Anschließend konnte bei einer Rundfahrt durch die Stadt der Verkehrskadettenleiter, Herr Adelmann, die Stausituation eindrucksvoll in Praxis aufzeigen. Auffallend wie meistens, der an diesem Tag angefahrene P & R Parkplatz bei der Europabrücke war nur mäßig frequentiert. Während der Rundfahrt hatte Herr Adelmann Zeit, einige interessante Informationen zu geben. In einem mir zugegangenen Informationspapier mit ca. 50 Seiten konnte hierzu ergänzend noch folgendes entnommen werden: Die Grundidee kommt aus der Schweiz. In den 60 Jahren wurde das Konzept mit Verkehrskadetten erstmals konzipiert, in Deutschland wurde dies 1972 übernommen. Träger der hiesigen Verkehrskadetten ist die Kreisverkehrswacht Konstanz – Hegau e.V. mit Sitz in Steißlingen. Die Institution Verkehrskadetten wurde im November 2012 in Konstanz gegründet, Vorbild ist das Konzept der Schweizer Kadetten. In BW sind die hiesigen Kadetten momentan die Einzigen im Land. Aktuell sind ca. 50 Kadetten erfasst. Diese kommen weitgehend aus Konstanz, aber auch aus dem Umland wie Allensbach und Hegne. Mindestalter ist 14 Jahre, Nachwuchssorgen gibt es keine.
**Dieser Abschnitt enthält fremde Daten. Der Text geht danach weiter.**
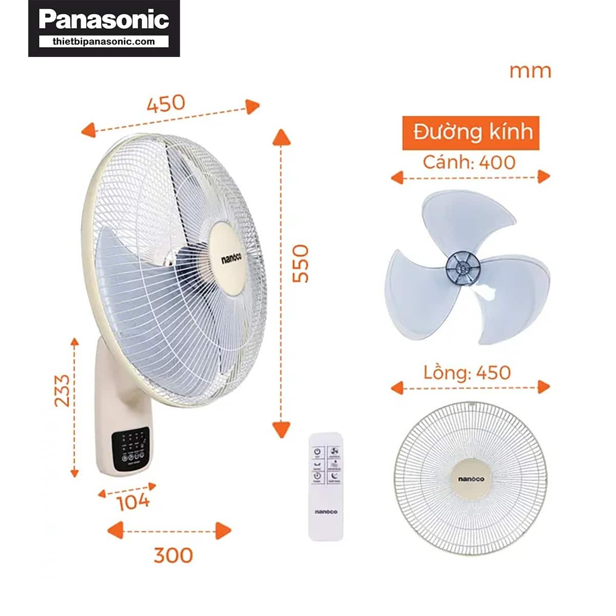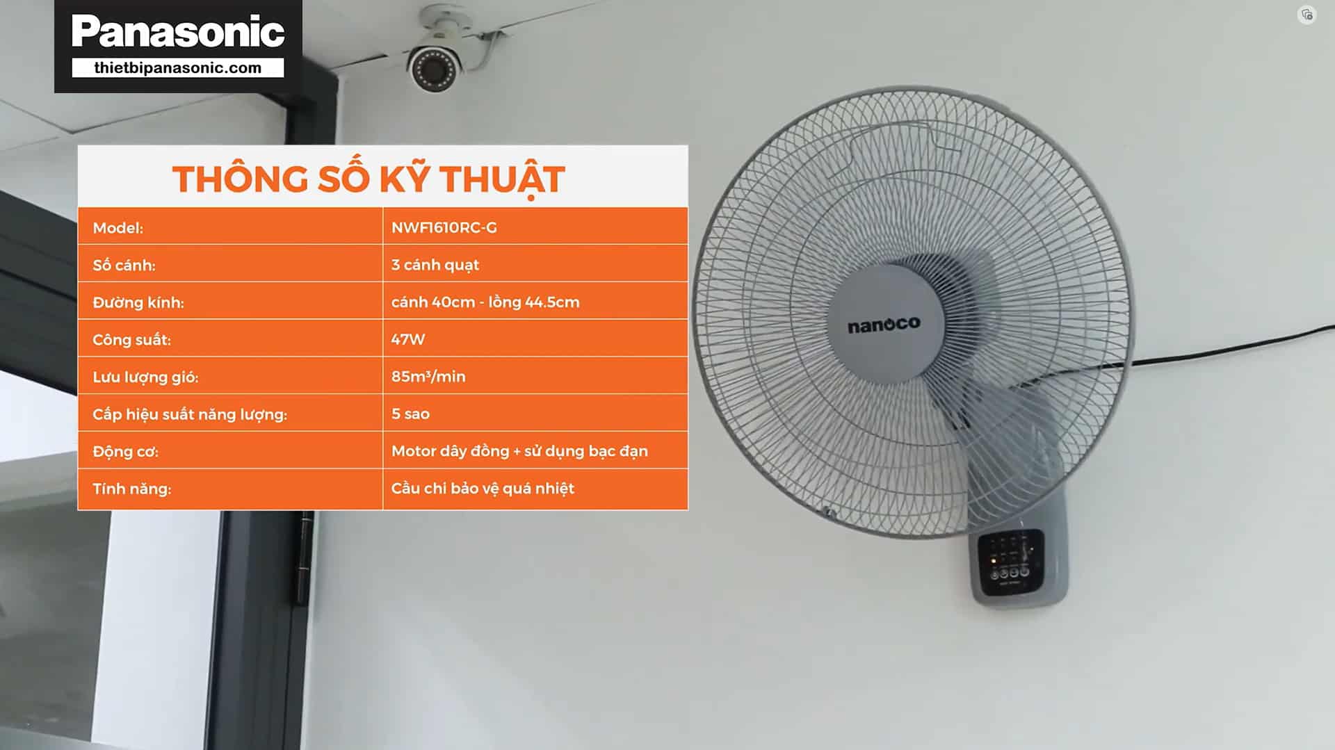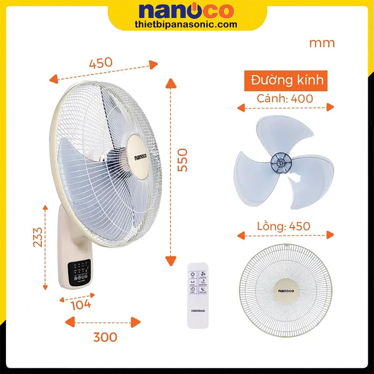 | Loại quạt | Quạt treo tường Nanoco, Quạt treo tường Panasonic |

Nach acht Schulungstagen mit ca. 60 Stunden, gegliedert in Theorie und Praxis, erfolgt eine Prüfung. Bei Nichtbestehen ist die Nachprüfung im folgenden Jahr. Hauptaufgabe ist es, den Verkehr in sichere Bahnen zu lenken. Zur Kommunikation haben die Kadetten Funkgeräte und sind in Funkkontakt mit der Leistelle in der Laube. Somit kann auf die Verkehrssituation reagiert werden. Jeder Kadett ist min. 4 – 5 Mal monatlich im Einsatz, genereller Einsatzort ist das LAGO. Neben den weiteren Konstanzer Einsatzorten werden teilweise auch grenzüberschreitende Einsätze durchgeführt.
Im Jahr 2016 hatten die Verkehrskadetten 110 Einsätze mit 5626 Einsatzstunden. Die Entschädigung liegt pro Kadett und pro Stunde zwischen 5,00 € und 7,00 €.

Fazit:
Aus diesen Zahlen lässt sich die Wichtigkeit der Verkehrskadetten herausrechnen. Der Einsatz des städtischen Ordnungsdienstes würde ein Vielfaches betragen.“

 

Die heitere Weihnachtsfeier der FWK fand am 19.12.2016 in der Fonduehütte des Cafés Wessenberg statt. Wir bedanken uns bei unseren Fraktionsmitgliedern für ihren grandiosen Auftritt zur Weiterführung der Wendelgardgeschichte mit den Akteuren: Wandelgard, Knusper Fädlein, Ulrich von Buchenhardt, Uli von Pappelwald, Medicus vom Weisswald vom Schädel und Kossimelda!